_Provided records_
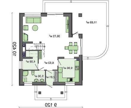 Благодаря сложной форме дневной зоны, выделены отдельные пространства. При этом целостность всего этажа сохраняется. Границей между ними служит лестница, ведущая в мансарду. Гостиная и столовая с отдельными выходами на просторную террасу, закрытая кухня создают единое светлое пространство. А угловая терраса зрительно расширяет дневную зону.
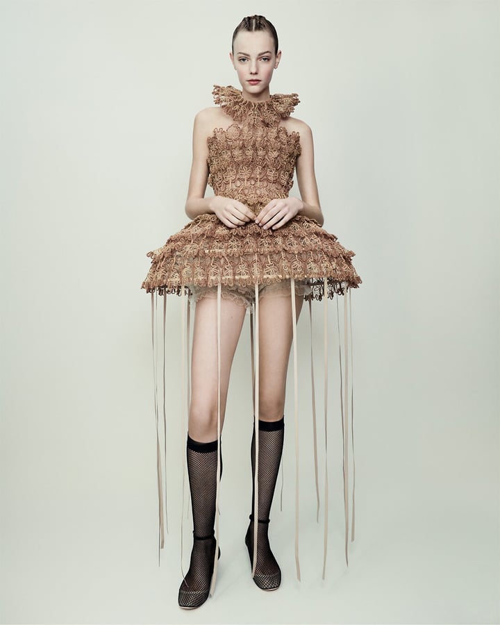 Всевозможные интерпретации пышной юбки кринолинового силуэта викторианской эпохи можно наблюдать в данной коллекции Schiaparelli. Как отмечает сам дизайнер, ему важно «создавать одежду, в которой современность имеет крепкие отношения с наследием.» [4]
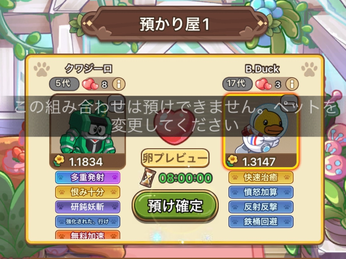 ちなみに、B.Duckコラボのレアペット「B.Duck」は預けられません。
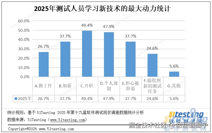 根据调查数据,软件测试从业人员学习测试新技术的动力及占比如下:
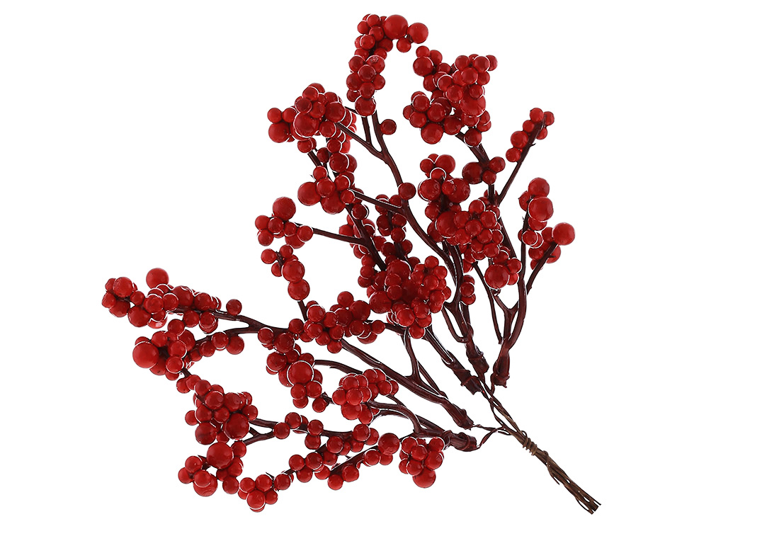 Декоративні перламутрові ягоди в пучку, 20см, колір - червоний
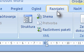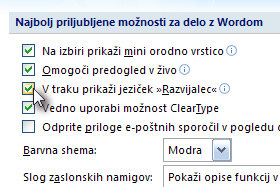 V novem oknu označite V traku prikaži jeziček Razvijalec.

_About this exercise_
Make an exact copy of the listing above, omitting the pictures.

_Solution_
 Благодаря сложной форме дневной зоны, выделены отдельные пространства. При этом целостность всего этажа сохраняется. Границей между ними служит лестница, ведущая в мансарду. Гостиная и столовая с отдельными выходами на просторную террасу, закрытая кухня создают единое светлое пространство. А угловая терраса зрительно расширяет дневную зону.
 Всевозможные интерпретации пышной юбки кринолинового силуэта викторианской эпохи можно наблюдать в данной коллекции Schiaparelli. Как отмечает сам дизайнер, ему важно «создавать одежду, в которой современность имеет крепкие отношения с наследием.» [4]
 ちなみに、B.Duckコラボのレアペット「B.Duck」は預けられません。
 根据调查数据,软件测试从业人员学习测试新技术的动力及占比如下:
 Декоративні перламутрові ягоди в пучку, 20см, колір - червоний
 V novem oknu označite V traku prikaži jeziček Razvijalec.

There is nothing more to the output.